In Python, XGBoost allows you to train/predict using their Booster class or using their sklearn API (http://xgboost.readthedocs.io/en/latest/python/python_api.html). I'm using the sklearn API, and want to use the pred_contribs
capabilities of XGBoost. I would expect this to work, but it doesn't:
model = xgb.XGBClassifier().fit(X_train, y_train)
pred = model.predict_proba(X_test, pred_contribs=True)
It looks like pred_contribs
is only a parameter for the Booster
class predict function.
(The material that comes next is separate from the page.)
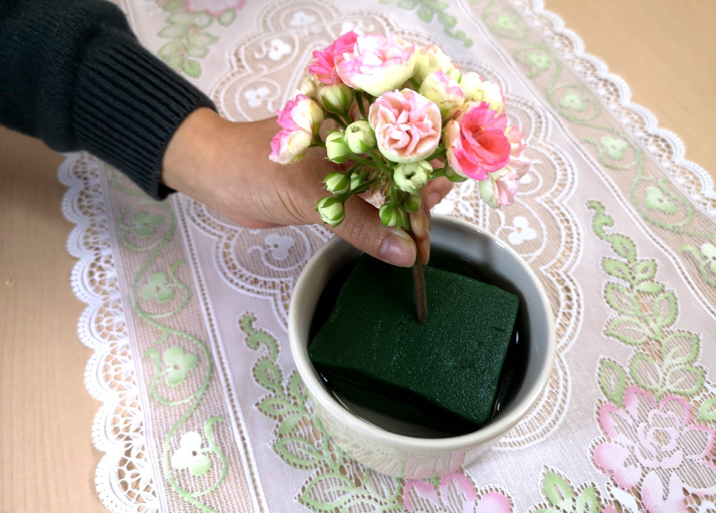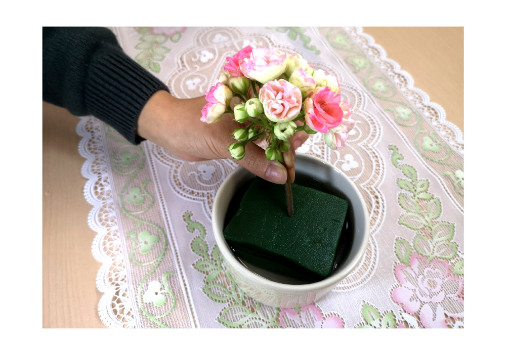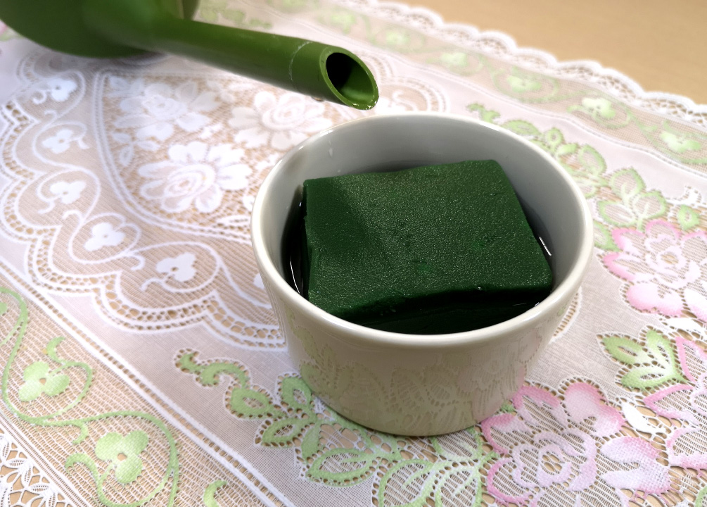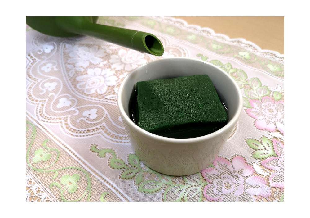 ①やや浅めの器にフローラルフォーム(生花吸水スポンジ)をちょうどよい大きさに切って入れ、十分に水を含ませます。

How do I use this parameter through the sklearn API? Or is there an easy workaround to get the prediction contributors after training using the sklearn API?
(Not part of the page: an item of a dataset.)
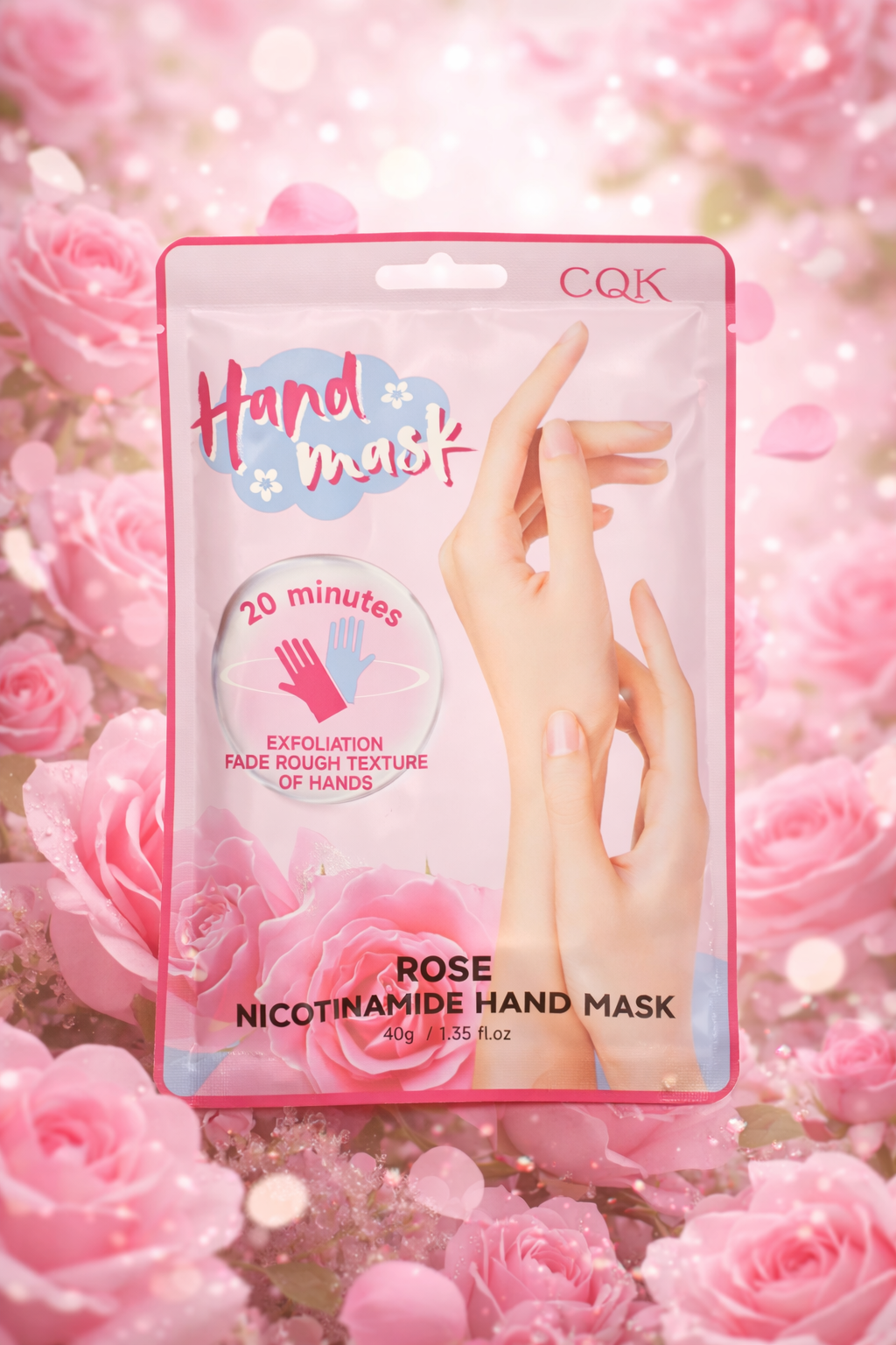 La mascarilla de manos con rosa y nicotinamida está diseñada para nutrir en profundidad, suavizar la piel y mejorar su textura desde la primera aplicación.

You can use the get_booster()
method from XGBClassifier, which will return a Booster object, after the XGBClassifier has been fitted with training data.
After that you can simply call predict()
on the Booster object with pred_contribs = True
.
Example code:
from xgboost import XGBClassifier, DMatrix
from sklearn.datasets import load_iris
iris_data = load_iris()
# Taking only first 100 samples to make this a binary problem,
# else it will be multi-class and shape of pred_contribs will change
X, y = iris_data.data[:100], iris_data.target[:100]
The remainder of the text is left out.